Evet yani her şef ya bir enstrüman çalar ya şarkıcıdır, ya da bestecilikten gelir. Yani sadece "şef" olarak başlamazsın. Bir yerden gelmen lazım. Bir şefin rutini nasıl dersen sabah kalkarsın, genelde orkestra ile prova olur. Sabahları provalar vardır veya evde partitür çalışırsın. Öğleden sonra yine prova olabilir. Saat iki, üç, dört veya beşe kadar sürebilir. Eğer prova yoksa yine evde çalışırsın. Akşamları, opera yapıyorsan temsil olabilir ya da tekrar prova. Eğer hiçbir şey yoksa dinlenirsin. Batonla çalışma diye bir şey aslında yok. Çünkü şefin enstrümanı orkestra. Batonla tek başına çalışamazsın. Sadece orkestra önünde batonla çalışabilirsin. Bu yüzden şef olmak biraz zor. Bir çellist gibi, “Şimdi bu pasajı çalışacağım” diyemezsin. Çünkü orkestra seninle beraber değilse o çalışmayı yapamazsın. Evde müziği anlamaya çalışırsın. Besteci ne istemiş, müzik nereden geliyor, hangi duyguyu taşıyor, neyi anlatmak istiyor… Tüm bunları önce senin anlaman lazım.
‘MÜZİK NEFES ALIYOR’
- Ortamı ve tarihsel geleneği ile sizi en çok heyecanlandıran ve ağırlığını hissettiren konser salonu hangisi?

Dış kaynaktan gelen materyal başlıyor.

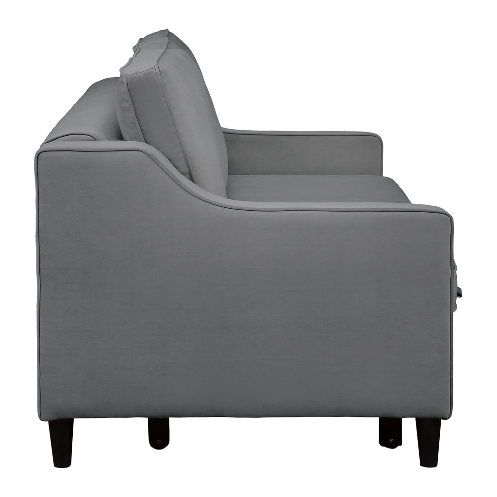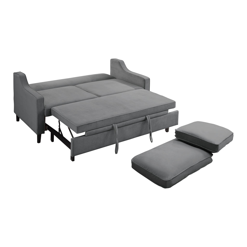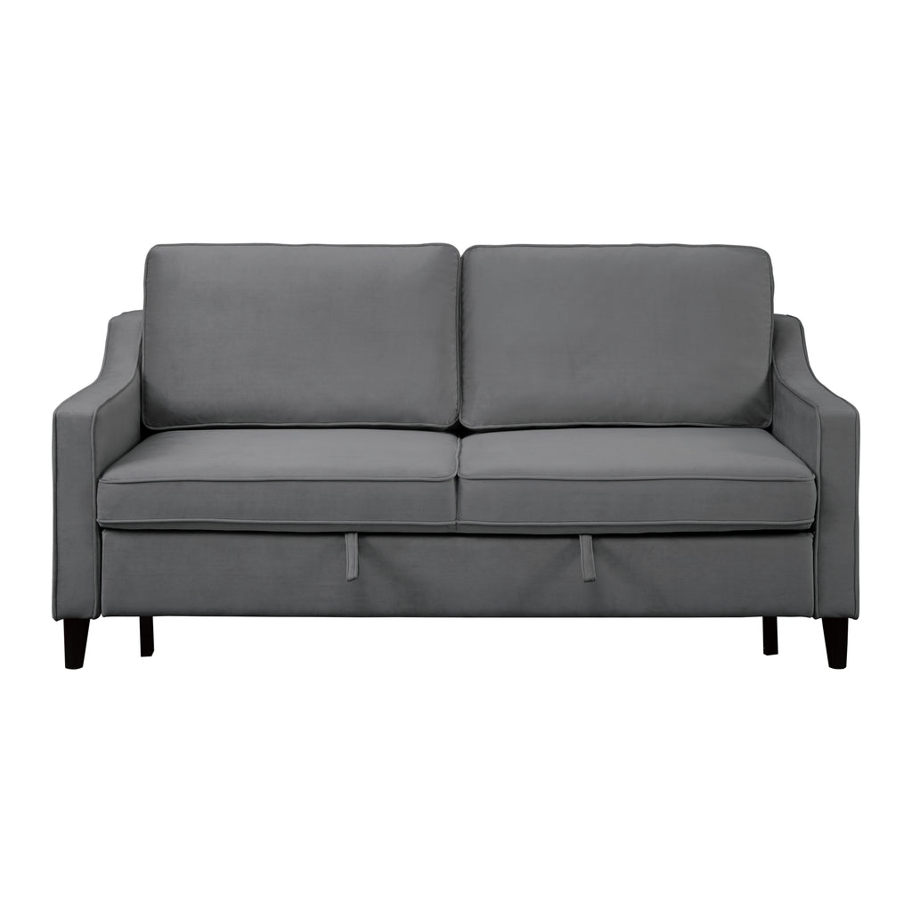 With versatility of function, the Adelia Collection presents as a unique seating option for your household. The pull-out bed and click-mechanism seat back of this sofa engage to create a platform for sleeping or relaxing. The seatback cushions are removable as well as reversible. Offered in dark gray velvet cover for neutral decorative placement and soft touch, the classic profile furthers the placement ability within a number of home environments. Sofa: 71.5 x 38 x 36.5H, Bed: 71.5 x 72 x 29.5H
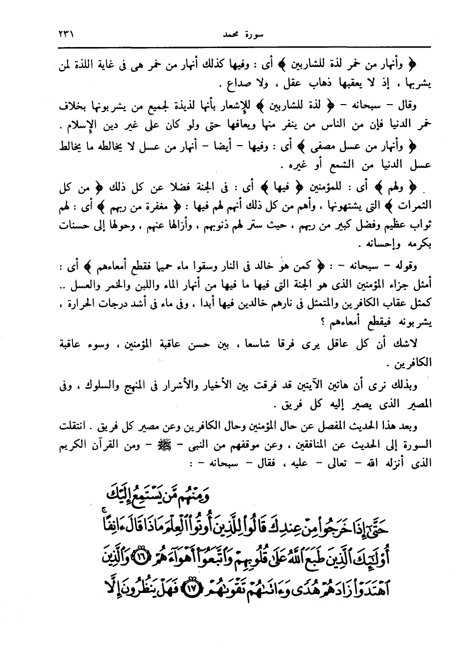 وبعد هذا الحديث المفصل عن حال المؤمنين وحال الكافرين وعن مصير كل فريق. انتقلت السورة إلى الحديث عن المنافقين، وعن موقفهم من النبي صلّى الله عليه وسلّم ومن القرآن الكريم الذي أنزله الله- تعالى- عليه، فقال- سبحانه-:
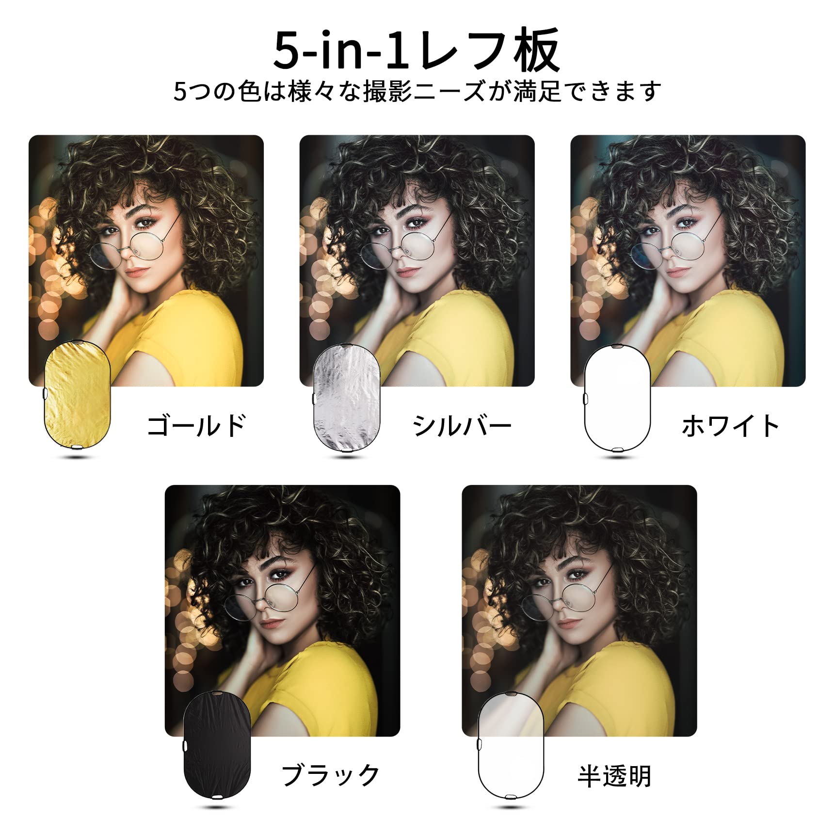 Neewer® 5 in 1 折り畳みスタジオライトリフレクターモディファイ レフ板 150 x 200 cm

Birkaç tane var tabii ama bazıları gerçekten çok çok özeldi. Hamburg’daki Elbphilharmonie... Salon tamamen doluydu, konser biletleri tükendi. Ve ortam müthişti! Böyle bir şey çok az olur. Orada müzik yapmak, sahnede olmak unutulmaz bir duyguydu. Bir de Londra’da, Royal Albert Hall’da The Proms (Sekiz haftalık klasik müzik yaz konserleri) konserlerinde yer aldım. O salon... Yani öyle bir salon yok. Gerçekten yok! Sahneye çıktığın anda hissediyorsun. Tarih var, ağırlık var, müzik nefes alıyor sanki. Ve biz sahnede çok eğlendik. O anlar kalpte kalıyor.
‘HER STİLİ BİLMEK ZORUNDASIN’
- Ülkelerin klasik müziğe yaklaşımındaki farklıklar tarihsel bir tartışma konusudur. Eğitim sürecinizi de göz önünde bulundurduğunuzda siz kendinizi hangi ekole yakın görüyorsunuz?
Öyle bir şey yoktur. Yani “Ben kendimi şu ekole daha yakın hissediyorum” gibi bir şey müzikte olmaz. Çünkü bir şefin görevi her müzik stilini doğru şekilde yapmaktır. Bu da demek ki her stili bilmek lazım. Bilmiyorsan, o ülkeye gidip o stili öğrenmen lazım. Diyelim ki Beethoven icra edeceksem, Alman stilinde yapmak zorundayım. Debussy için Fransız stili, De Falla yaparsam İspanyol. İtalyan bir besteci yaparsam o zaman İtalyan Bel Canto’ya gidiyoruz. Yani bir şef olarak her stili bilmek lazım. Yoksa o parçayı yönetemezsin. İşin özü bu.
MÜZİĞİ ANLAMAK İÇİN OKUYOR
- Son dönemde okuduğunuz kitaplar hangileri?
Son olarak okuduğum kitap Stravinsky’nin kendi yazdığı bir kitap. Yeni bitirdim. Kendi hayatını anlatıyor. BBC Filarmoni ile Stravinsky’nin “Pulcinella” eserini çaldım ve bu kitapta da tam bu parça hakkında düşüncelerini anlatıyor. Onun için okudum. Çok enteresan bir şey Stravinsky’yi kendi kelimelerinden tanımak. Ve şimdi başka bir kitap okuyorum. Bütün Stabat Mater eserlerinin hikâyesi hakkında. Çünkü Mayıs’ta bir “Stabat Mater” yöneteceğim. Ve bu konuyu daha iyi anlamak yani arkasındaki düşünceyi, duyguyu bilmek için okuyorum.